Two vols., pp. 304, pp. 332.
In the fermentation preceding and accompanying the great events of the
first half of the sixteenth century, Cornelius Agrippa occupied a position
which fully justifies the choice of Mr. Morley in selecting his biography
as illustrative of the times he lived in. In a purely medical point
of view we learn but little from the work, but all who are interested
in what bears upon the development of the human mind, will read
the account of Agrippa's struggles and the analysis of his works with
sympathy. In the middle ages, when natural science was mystified
by the alchemist and by an admixture with a cabalistic theology, it is
not surprising that a man who "began his life by mastering nearly the
whole circle of the sciences and arts," should describe " Physic as another
art of homicide, mechanical, though claiming the name of a philosophy."
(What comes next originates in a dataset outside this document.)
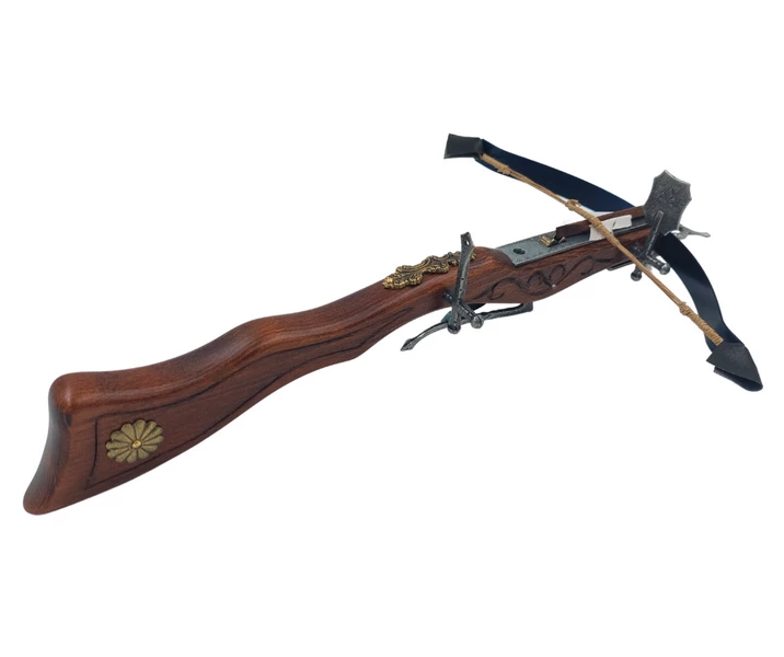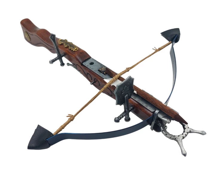 Replika Kuszy – 0F to fascynujący i precyzyjnie wykonany przedmiot, który przeniesie Cię do czasów wielkich potyczek wojennych. Ta wierna replika kuszy, używanej między XV a XVI wiekiem zachwyca swoim wykonaniem i historycznym wdziękiem.
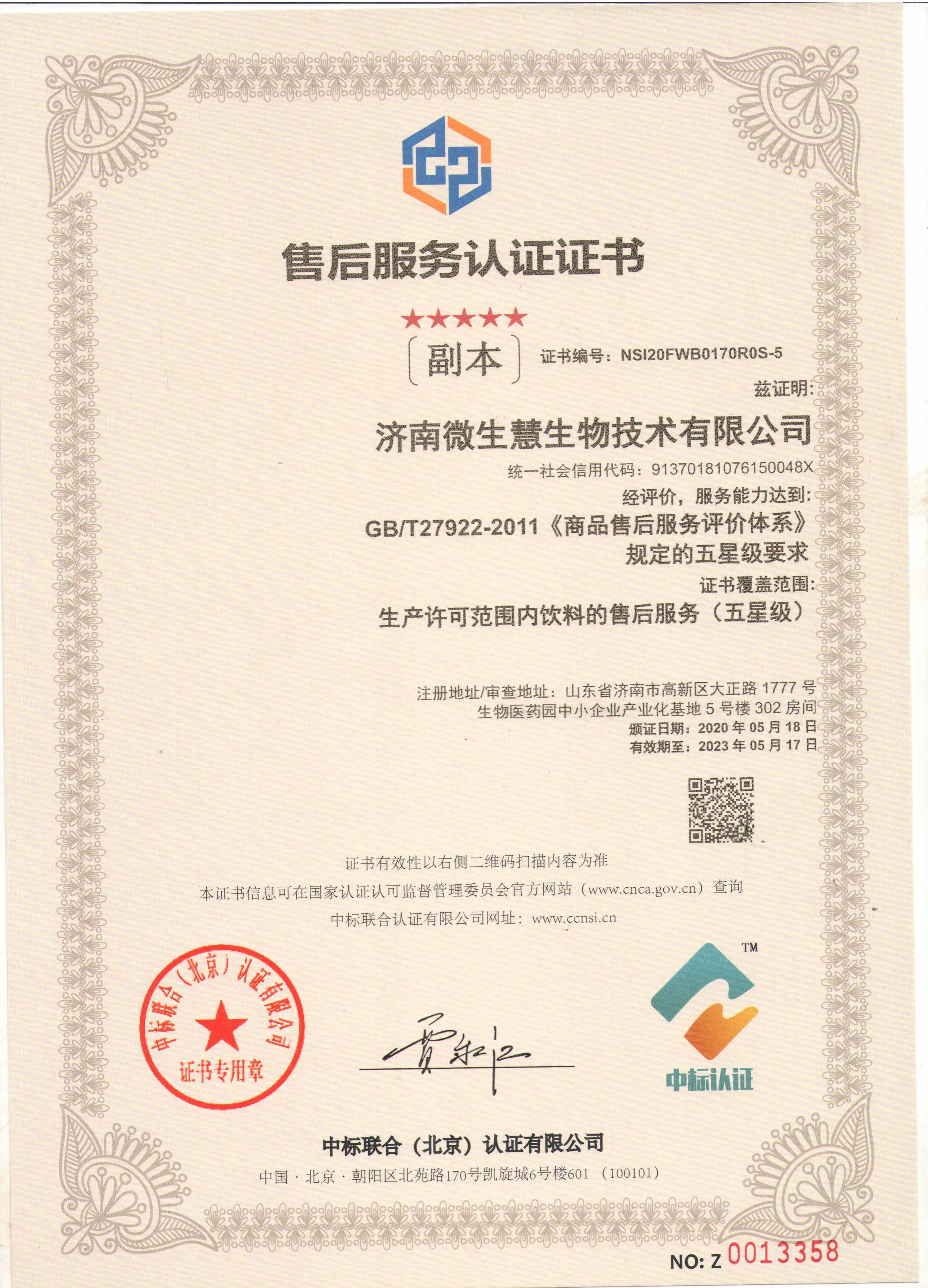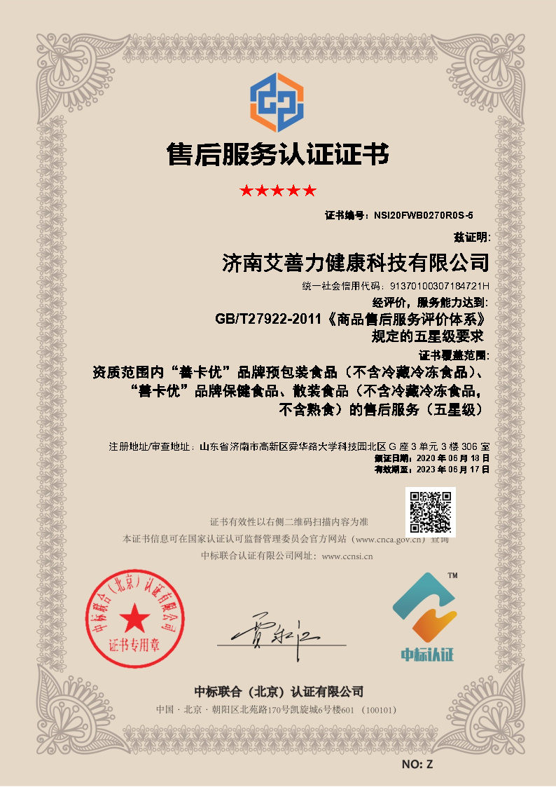 售后服務(wù)認(rèn)證證書(shū)

The biographer offers no temptations to the present generation to
follow in the footsteps of Agrippa, so that it is needless to warn the
medical reader against the influence of the scholar's scepticism?the very
crudity of which is a sufficient antidote against the poison he might have
infused in his own day.
It is out of our province to inquire more fully into the features that
characterize the doings or the writings of the great Magician, but those
who desire an analysis of them, and who wish to know how they were
received by his contemporaries, will find Mr. Morley's volumes an
acceptable addition to their libraries.